If you’re anything like me, you avoid calling customer service at all costs. The anticipated pain, whether rational or not, of waiting on hold and having to deal with another human interaction is sometimes just too much of a barrier to making a phone call. I often end up using automated chat functions even though they are often far from intelligent. These experiences might lead one to ask, in an age where cars can drive themselves, why are chatbots so often stupid? How can we make them better?
To answer these questions, we (Yuran Wang, Xueming Luo, and Xiaoyi Wang) collaborated with a SaaS company that supplies the provincial government of Zhejiang with a chatbot platform used to answer common questions related to eCertification of local businesses (see working paper here). We argue that, in the standard information retrieval architecture, there exists an inescapable conflict between the size of the bot’s knowledge bank (and hence the bot’s theoretical usefulness) and the bot’s ability to disambiguate free form NLP inputs from the user. This conflict stems from the fact that the retrieval task complexity is increased when user inputs need to be matched to a larger store of potentially useful standard user queries.

Thus, standard chatbots either don’t have large enough a knowledge base to be useful or often misinterprets the user’s intent, explaining users’ top complaints about commercial applications of chatbots. To solve this problem, chatbot designers typically interject “confirmation dialogues” into the conversation when the bot is unable to disambiguate between several potential queries. While this solution solves the disambiguation problem, it is cumbersome for the user and potentially decreases user satisfaction.

In this study, we quantify the causal impact of confirmation dialogues on user dissatisfaction using a regression discontinuity design (RDD) strategy. The RDD strategy leverages the logical rules used to determine the assignment of confirmation dialogues to compare cases that just missed versus those that just made the cutoff for displaying confirmation dialogue. The figure below shows the estimated difference in satisfaction (y-axis) on a simple 3 point scale (where the average is 1.59/3) versus the bandwidth in the confirmation assignment score generated by the bot’s NLP algorithm around the cutoff point. Here, smaller bandwidth yields more noisy point estimates due to fewer data points, but the idea is that as the bandwidth approaches 0, we approach the true estimate of the hassle costs due to confirmation dialogues. Here, we see a meaningfully large effect size (~ -0.2/3) of the confirmation dialogue’s hassle costs if disambiguation can be avoided.
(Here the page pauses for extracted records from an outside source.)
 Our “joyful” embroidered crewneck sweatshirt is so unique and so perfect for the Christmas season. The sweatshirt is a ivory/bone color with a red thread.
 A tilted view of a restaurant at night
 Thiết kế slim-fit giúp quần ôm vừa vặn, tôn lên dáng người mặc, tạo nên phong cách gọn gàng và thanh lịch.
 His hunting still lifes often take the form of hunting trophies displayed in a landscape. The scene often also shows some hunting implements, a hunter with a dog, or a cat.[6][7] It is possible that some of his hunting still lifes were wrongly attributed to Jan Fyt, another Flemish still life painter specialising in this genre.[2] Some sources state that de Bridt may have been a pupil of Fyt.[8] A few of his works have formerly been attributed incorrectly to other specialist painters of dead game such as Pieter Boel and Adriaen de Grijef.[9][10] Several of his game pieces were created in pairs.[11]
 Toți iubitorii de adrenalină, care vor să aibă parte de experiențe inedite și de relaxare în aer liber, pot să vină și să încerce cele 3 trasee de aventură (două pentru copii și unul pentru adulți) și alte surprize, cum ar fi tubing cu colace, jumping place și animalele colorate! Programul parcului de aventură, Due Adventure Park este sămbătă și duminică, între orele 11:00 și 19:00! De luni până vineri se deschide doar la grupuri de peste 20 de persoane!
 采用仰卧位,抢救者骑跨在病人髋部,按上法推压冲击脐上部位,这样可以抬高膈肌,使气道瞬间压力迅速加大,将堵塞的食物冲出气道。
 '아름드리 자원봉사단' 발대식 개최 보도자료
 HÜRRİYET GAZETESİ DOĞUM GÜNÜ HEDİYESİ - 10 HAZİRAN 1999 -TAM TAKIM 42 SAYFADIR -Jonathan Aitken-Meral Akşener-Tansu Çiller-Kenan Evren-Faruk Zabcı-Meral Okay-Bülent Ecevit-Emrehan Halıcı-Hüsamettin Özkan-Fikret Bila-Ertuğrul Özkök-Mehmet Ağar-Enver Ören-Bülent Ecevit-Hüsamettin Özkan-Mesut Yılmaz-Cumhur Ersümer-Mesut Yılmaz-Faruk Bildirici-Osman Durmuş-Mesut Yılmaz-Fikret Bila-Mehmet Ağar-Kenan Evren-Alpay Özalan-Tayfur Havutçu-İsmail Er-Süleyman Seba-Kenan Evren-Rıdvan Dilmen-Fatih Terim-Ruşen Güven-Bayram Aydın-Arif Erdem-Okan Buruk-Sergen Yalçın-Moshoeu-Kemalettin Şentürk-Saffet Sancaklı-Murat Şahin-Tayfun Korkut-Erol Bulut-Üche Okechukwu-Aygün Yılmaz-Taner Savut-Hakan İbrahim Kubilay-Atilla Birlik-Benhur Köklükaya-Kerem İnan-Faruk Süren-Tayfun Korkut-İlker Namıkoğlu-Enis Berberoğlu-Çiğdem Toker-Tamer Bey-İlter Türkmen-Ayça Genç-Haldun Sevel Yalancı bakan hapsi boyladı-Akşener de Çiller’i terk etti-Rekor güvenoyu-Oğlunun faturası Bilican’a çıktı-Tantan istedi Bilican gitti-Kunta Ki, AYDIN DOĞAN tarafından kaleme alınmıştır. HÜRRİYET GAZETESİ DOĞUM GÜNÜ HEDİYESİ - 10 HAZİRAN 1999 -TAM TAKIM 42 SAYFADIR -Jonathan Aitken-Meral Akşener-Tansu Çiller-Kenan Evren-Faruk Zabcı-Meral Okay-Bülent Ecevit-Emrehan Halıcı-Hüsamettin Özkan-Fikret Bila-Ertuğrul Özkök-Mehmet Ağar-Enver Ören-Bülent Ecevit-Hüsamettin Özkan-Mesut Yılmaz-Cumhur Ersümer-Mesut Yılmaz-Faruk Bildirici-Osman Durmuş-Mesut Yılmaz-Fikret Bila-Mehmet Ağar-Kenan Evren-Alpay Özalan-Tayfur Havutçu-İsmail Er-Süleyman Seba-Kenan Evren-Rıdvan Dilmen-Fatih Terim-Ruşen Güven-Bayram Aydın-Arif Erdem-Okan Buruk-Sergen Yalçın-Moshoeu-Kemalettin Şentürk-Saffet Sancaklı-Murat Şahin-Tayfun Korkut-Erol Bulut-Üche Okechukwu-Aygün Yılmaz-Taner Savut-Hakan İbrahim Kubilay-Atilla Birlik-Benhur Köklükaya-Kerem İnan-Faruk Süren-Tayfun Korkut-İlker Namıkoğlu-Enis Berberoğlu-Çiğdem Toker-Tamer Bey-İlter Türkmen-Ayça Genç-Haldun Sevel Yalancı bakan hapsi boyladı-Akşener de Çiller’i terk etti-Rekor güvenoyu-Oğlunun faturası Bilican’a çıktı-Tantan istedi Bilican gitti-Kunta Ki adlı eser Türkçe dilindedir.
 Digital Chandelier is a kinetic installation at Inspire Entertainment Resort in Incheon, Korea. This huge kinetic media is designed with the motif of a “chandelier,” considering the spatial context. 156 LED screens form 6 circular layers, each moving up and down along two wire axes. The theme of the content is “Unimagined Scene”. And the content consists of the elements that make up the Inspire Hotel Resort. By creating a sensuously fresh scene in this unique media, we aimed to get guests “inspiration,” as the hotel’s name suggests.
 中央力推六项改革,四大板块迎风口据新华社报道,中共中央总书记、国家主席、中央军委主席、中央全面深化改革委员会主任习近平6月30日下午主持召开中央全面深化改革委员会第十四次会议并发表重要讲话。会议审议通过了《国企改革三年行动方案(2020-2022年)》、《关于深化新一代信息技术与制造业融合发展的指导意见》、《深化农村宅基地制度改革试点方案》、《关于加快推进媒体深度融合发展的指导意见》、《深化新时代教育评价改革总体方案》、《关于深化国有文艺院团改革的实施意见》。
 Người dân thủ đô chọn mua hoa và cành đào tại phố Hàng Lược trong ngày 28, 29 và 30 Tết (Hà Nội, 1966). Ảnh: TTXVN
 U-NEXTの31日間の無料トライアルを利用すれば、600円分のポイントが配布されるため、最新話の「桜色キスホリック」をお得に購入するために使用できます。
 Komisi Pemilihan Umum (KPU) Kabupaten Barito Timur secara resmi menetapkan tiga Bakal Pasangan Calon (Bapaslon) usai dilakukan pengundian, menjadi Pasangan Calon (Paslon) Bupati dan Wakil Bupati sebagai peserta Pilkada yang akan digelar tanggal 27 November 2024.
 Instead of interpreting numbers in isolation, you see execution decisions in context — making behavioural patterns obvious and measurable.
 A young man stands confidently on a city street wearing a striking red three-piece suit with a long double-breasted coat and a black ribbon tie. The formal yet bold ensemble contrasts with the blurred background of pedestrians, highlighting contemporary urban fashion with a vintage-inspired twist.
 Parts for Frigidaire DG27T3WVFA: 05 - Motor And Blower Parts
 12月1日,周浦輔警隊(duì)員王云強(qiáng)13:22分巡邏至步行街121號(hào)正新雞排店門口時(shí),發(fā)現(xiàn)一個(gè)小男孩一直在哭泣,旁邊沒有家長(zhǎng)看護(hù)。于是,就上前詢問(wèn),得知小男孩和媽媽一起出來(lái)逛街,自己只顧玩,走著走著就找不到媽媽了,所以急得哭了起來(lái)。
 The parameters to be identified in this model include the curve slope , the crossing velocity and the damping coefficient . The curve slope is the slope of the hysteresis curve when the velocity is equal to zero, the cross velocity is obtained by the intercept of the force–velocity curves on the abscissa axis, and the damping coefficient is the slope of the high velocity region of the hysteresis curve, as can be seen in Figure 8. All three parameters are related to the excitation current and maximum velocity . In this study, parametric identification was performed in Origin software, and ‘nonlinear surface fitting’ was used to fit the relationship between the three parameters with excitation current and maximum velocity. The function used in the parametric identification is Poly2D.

So how can we avoid these types of annoying frictions to conversational efficiency while maintaining a usefully large knowledge bank? Most applications try to resolve this issue by introducing better NLP engines for decoding user inputs. However, even the most state of the art NLP algorithms can only marginally increase the classification accuracy of texts. Therefore, we seek an alternative to the standard brute force approach that addresses the problem by designing a more general artifact to improve conversational efficiency. We simply use the existing sequence of answered queries to predict likely subsequent questions, or sequential FAQ (sFAQ). This approach leverages the hundreds of thousands of existing user query sequences to train a machine anticipate user needs. The machine is then able to predict a substantial proportion of user queries so that no user natural language input (and thus no disambiguation) is needed. We illustrate how sFAQ fits in with the existing chatbot design below, highlighting the additional artifact in red.

We test several different machine learning architectures to find a good next question prediction engine (see comparisons below). In practice, this sFAQ system automatically suggests 3 questions that the user can choose from. The user is still able to type one of their own questions at any time. We show in out of sample tests that our system, when suggesting 3 questions, would be able to predict the next user query given at least one existing query with an accuracy of 41.8%. Additionally, the system would eliminate 38.7% of all typing, and 35.9% of all confirmation dialogues (currently almost 50% of user inputs are followed by a confirmation dialogue) after the initial query. Combined with our RDD analysis, we can show that the implementation of the sFAQ system would have a causal impact on satisfaction scores through the elimination of confirmation dialogues of at least 2%. We expect the actual increase in user satisfaction to be much higher in future live tests since users will also not have to type. Moreover, our sFAQ system works even better if users are willing to scroll through more than the first set of 3 suggestions.


In short, when a Q&A chatbot such as those used in service settings requires a large knowledge bank to effectively handle user queries, the bot will have difficulty disambiguating the large corpus of intended user queries. sFAQ systems that leverages existing patterns in the query sequences to suggest potential subsequent questions will resolve this design conundrum to a large degree. While we don’t suggest that ours is the best next question prediction engine, we demonstrate that the gains to conversational efficiency are substantial with standard machine learning architectures. Moreover, customers and users will experience less frustration with the chatbot leading to improved satisfaction.